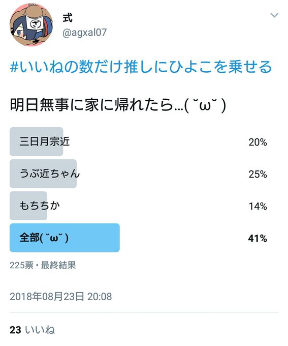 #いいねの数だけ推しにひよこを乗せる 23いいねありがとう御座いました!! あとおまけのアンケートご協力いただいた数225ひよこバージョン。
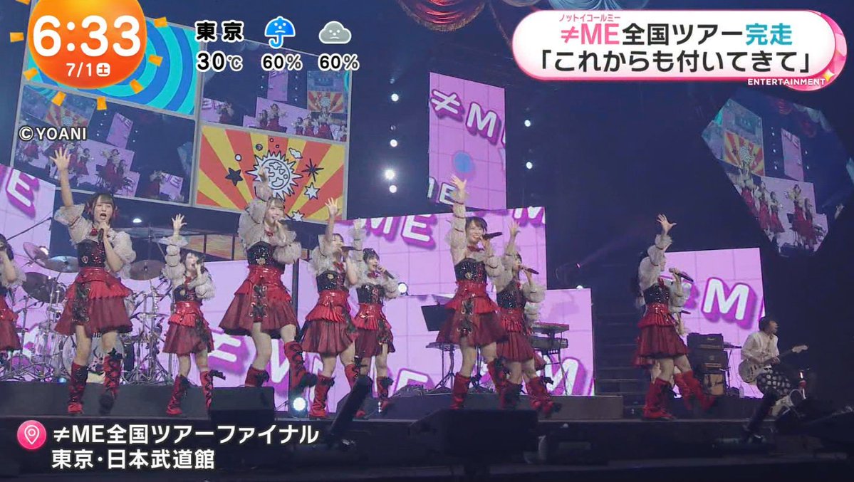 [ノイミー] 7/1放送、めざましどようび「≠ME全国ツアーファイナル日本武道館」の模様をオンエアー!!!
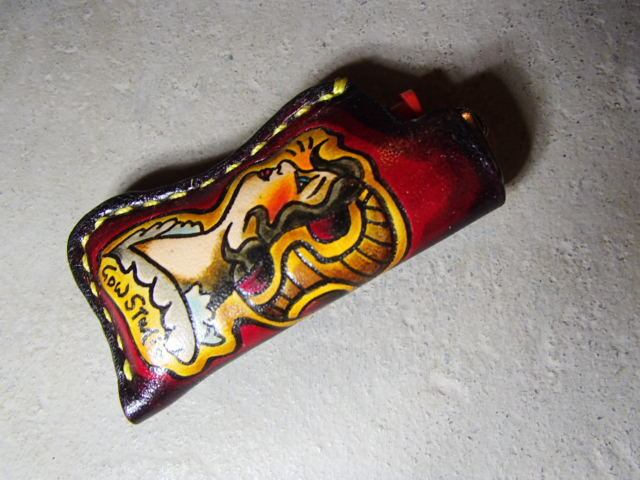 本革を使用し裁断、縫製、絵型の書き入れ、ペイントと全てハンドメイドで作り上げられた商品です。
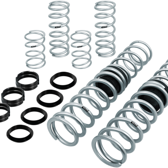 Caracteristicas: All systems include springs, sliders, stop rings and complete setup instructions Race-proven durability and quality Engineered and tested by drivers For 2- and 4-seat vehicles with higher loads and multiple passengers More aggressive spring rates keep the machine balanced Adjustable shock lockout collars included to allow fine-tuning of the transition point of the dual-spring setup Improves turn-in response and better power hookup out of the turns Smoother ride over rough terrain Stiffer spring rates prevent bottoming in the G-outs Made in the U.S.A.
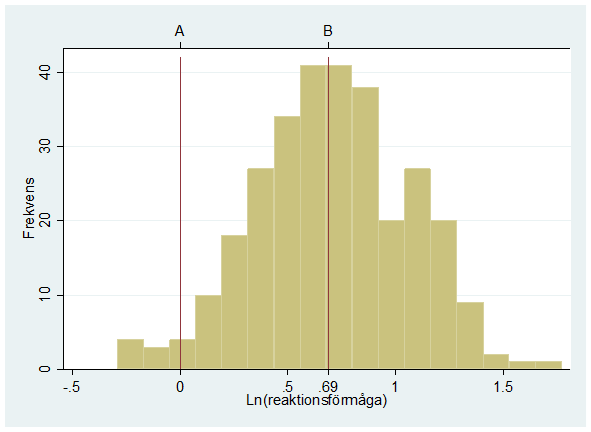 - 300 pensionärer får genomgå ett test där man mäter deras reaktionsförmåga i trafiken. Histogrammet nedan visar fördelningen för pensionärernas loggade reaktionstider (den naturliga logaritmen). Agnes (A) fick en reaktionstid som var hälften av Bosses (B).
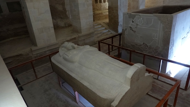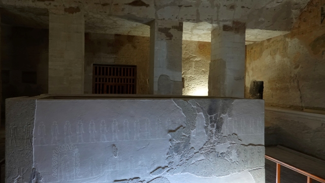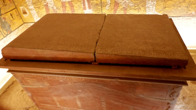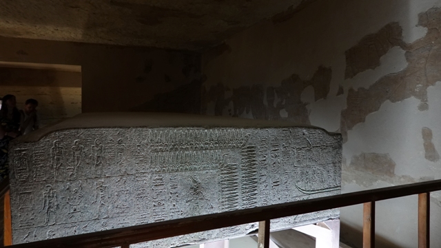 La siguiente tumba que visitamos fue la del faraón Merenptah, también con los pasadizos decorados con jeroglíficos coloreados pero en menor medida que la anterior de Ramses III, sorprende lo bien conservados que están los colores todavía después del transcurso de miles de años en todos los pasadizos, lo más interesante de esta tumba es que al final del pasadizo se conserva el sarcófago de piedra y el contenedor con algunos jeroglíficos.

══════════

The task -
The response must match the listing exactly, except that pictures are removed.

Output for this task -
 #いいねの数だけ推しにひよこを乗せる 23いいねありがとう御座いました!! あとおまけのアンケートご協力いただいた数225ひよこバージョン。
 [ノイミー] 7/1放送、めざましどようび「≠ME全国ツアーファイナル日本武道館」の模様をオンエアー!!!
 本革を使用し裁断、縫製、絵型の書き入れ、ペイントと全てハンドメイドで作り上げられた商品です。
 Caracteristicas: All systems include springs, sliders, stop rings and complete setup instructions Race-proven durability and quality Engineered and tested by drivers For 2- and 4-seat vehicles with higher loads and multiple passengers More aggressive spring rates keep the machine balanced Adjustable shock lockout collars included to allow fine-tuning of the transition point of the dual-spring setup Improves turn-in response and better power hookup out of the turns Smoother ride over rough terrain Stiffer spring rates prevent bottoming in the G-outs Made in the U.S.A.
 - 300 pensionärer får genomgå ett test där man mäter deras reaktionsförmåga i trafiken. Histogrammet nedan visar fördelningen för pensionärernas loggade reaktionstider (den naturliga logaritmen). Agnes (A) fick en reaktionstid som var hälften av Bosses (B).
 La siguiente tumba que visitamos fue la del faraón Merenptah, también con los pasadizos decorados con jeroglíficos coloreados pero en menor medida que la anterior de Ramses III, sorprende lo bien conservados que están los colores todavía después del transcurso de miles de años en todos los pasadizos, lo más interesante de esta tumba es que al final del pasadizo se conserva el sarcófago de piedra y el contenedor con algunos jeroglíficos.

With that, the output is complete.